Bob, a very long suffering man was browsing through his hunting magazine during an unusually quiet evening…dreaming of his up-coming annual deer
hunting trip to his favourite wooded hills…when his wife glanced over at him.
"Why don't you ever take me on your hunting trips Bob? Why do you never offer to take me? I need a holiday too you know! We haven't
taken a holiday together since we took my mother with us on honeymoon. I want to go with you".
Bob, shuddering at the thought of the tranquillity of his Secret Wood being shattered by the presence of his wife, quickly countered "Well Enid,
there's lots of spiders and things that go bump in the dark and anyway, you don't have any outdoor clothes and you don't
shoot".
"Well I want to learn dammit!" his wife declared.
Enid kept up the barrage for weeks until poor old Bob just caved in. Camouflage jacket and trousers were bought and she even took shooting lessons at
the local rifle club.
The week of Bob's annual hunting holiday arrived and he and Enid loaded up the car and set off for Bob's Secret Wood. When he had to stop
for the second time to purchase something that Enid had forgotten to pack, Bob pulled his ear plugs out of his pocket and stuck them in his ears for
a bit of quiet. After a six hour drive they arrived and set up camp for the night and Bob, still wearing his ear plugs, declared he was going to have
an early night. The following day got off to a slow start because Bob had to drive Enid into the nearest town so she could find a toilet and then go
and buy some napkins for their breakfast.
Eventually they geared up and started off into the woods. After a while they came to a small clearing where a big oak tree stood. Bob set Enid's
rifle against the tree and gave her a leg up into the fork of the tree. As he was handing the rifle up to Enid she said "Where are you going to
sit?"
Bob said "I'm going up the trail to a big tree I spotted last year. I have a really good feeling it will be the perfect position".
"Well what happens if I shoot something?" Enid asked.
"Don't worry" said Bob "I'll hear your shot and I'll come back and give you a hand".

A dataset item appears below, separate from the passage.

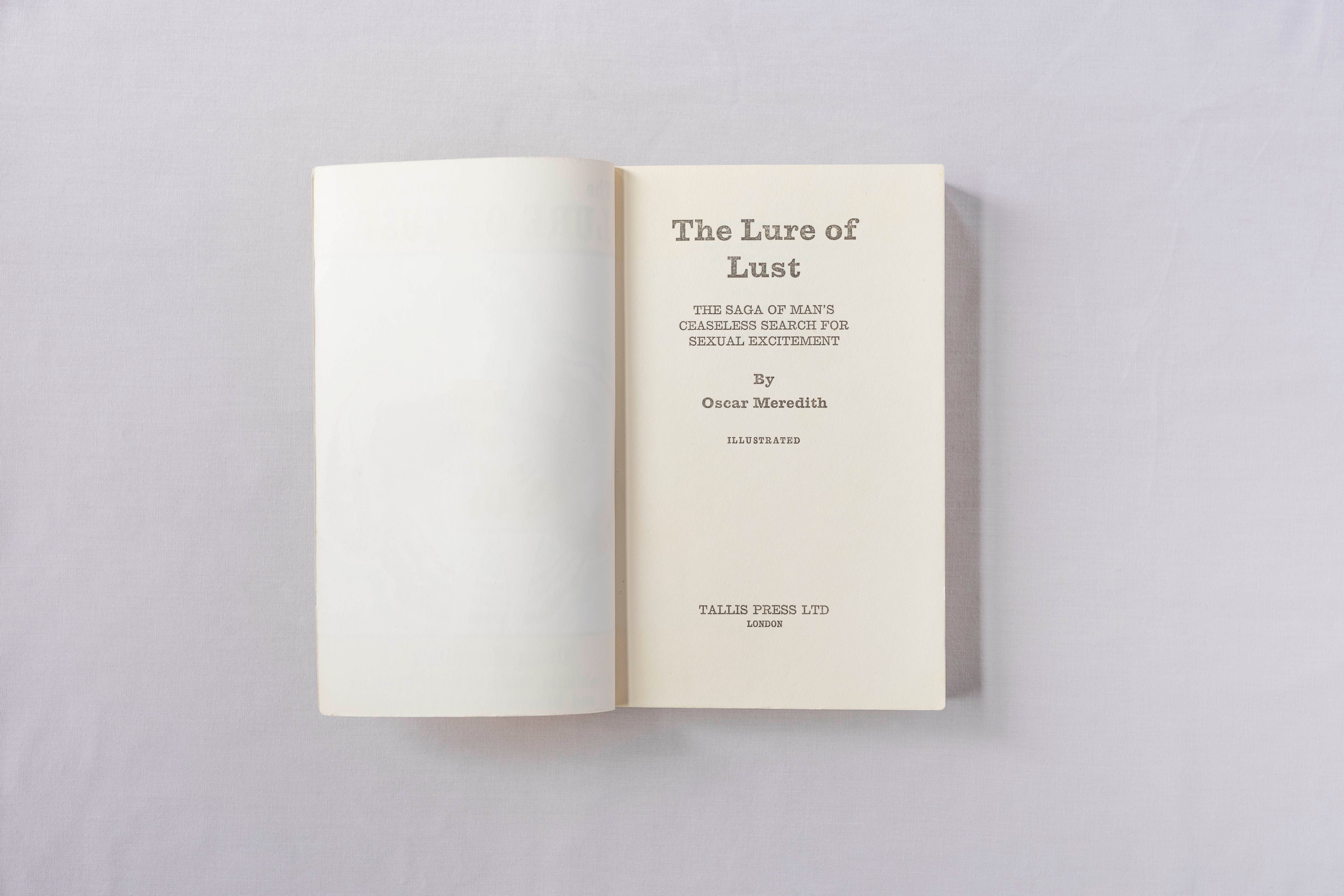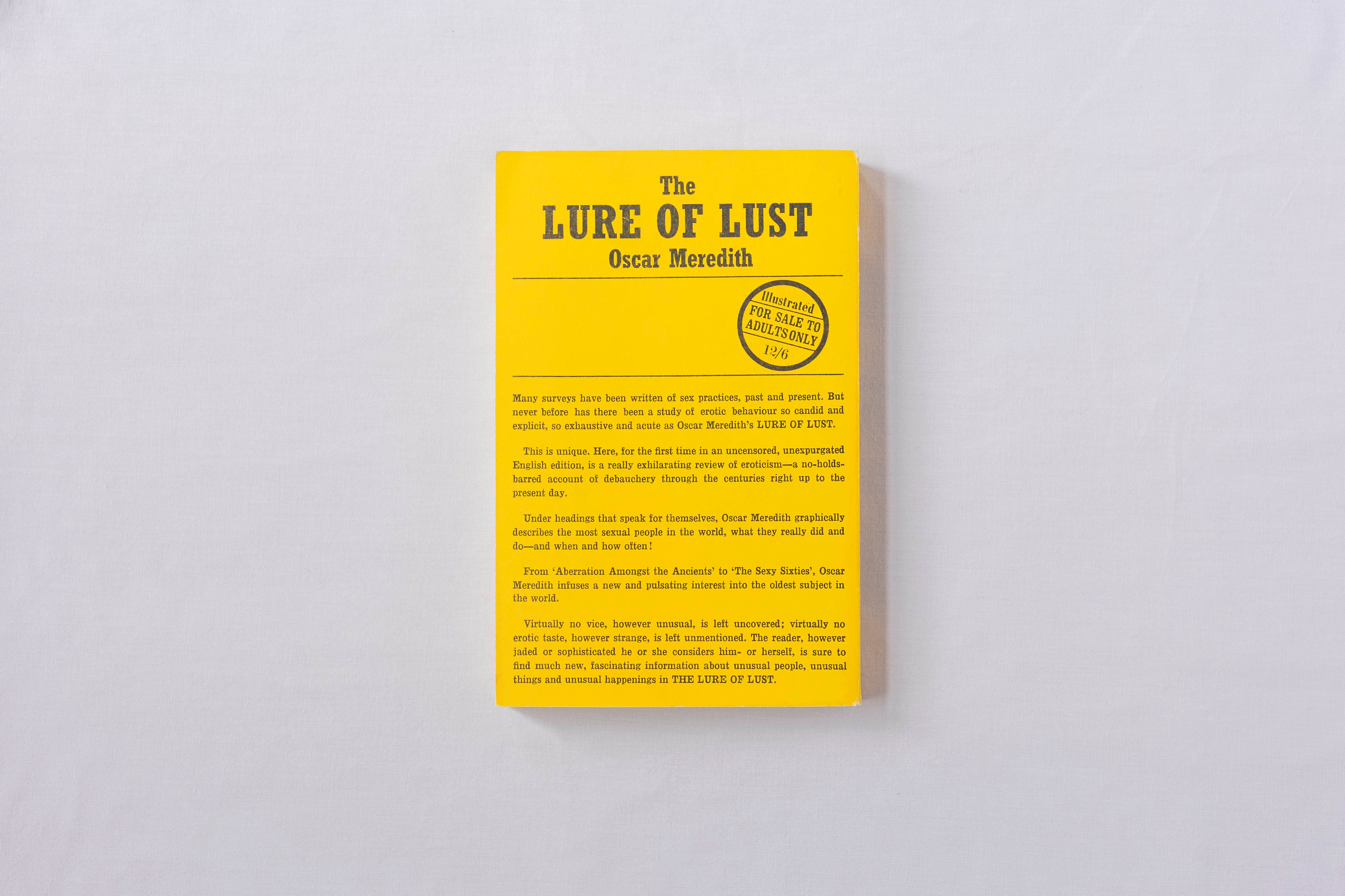Behind its lurid yellow cover, The Lure of Lust — Oscar Meredith’s “uninhibited study of erotic practices and behaviour past and present” — is a pulp paperback dressed up as sexology. The cover promises heat, the pages deliver history, guiding the reader from sex and seduction in the scriptures to vice in the Victorian era. Very much of its time, it belongs to the 1960s fashion for eroticism packaged as scholarship.

Finally, Bob was alone and heading towards the spot he'd been dreaming about for the past year, when suddenly, a shot rang out.
Bob hadn't gone far and could clearly hear his wife's excited voice breaking the serene silence. As he approached the clearing he could also
make out the voice of a man who seemed somewhat distressed. Bob was walking quickly now towards the big oak tree and he could see a tall man in riding
gear spreading his arms to the heavens.
"Alright! Alright! Alright!" shouted the man, "You're quite right…it IS a deer, but do you mind if I retrieve my saddle and tack
from it before I get out of here?"
i don't get it
has enid shot his horse or why is he riding a deer?
she shot his horse but he didnt dare argue!
Its cause women are NEVER wrong especially when there's blood involved
Was kinda expecting Bob to shoot Enid!
[tumble weed] ahh, now i get it [/tumble weed]
Harry and Joe went out hunting one night and after half an hour trecking through the woods Joe fell down and started gasping then stopped and went all quiet. Harry panicked and phoned emergency services. The operator said," Calm down please, what's the problem". Harry replied, " My friend fell down and now he's not moving. I think he's dead" The operator said, " Let's just make sure shall we?" The phone went quiet and then there was a gunshot. Harry replies, "O.K. Now what?"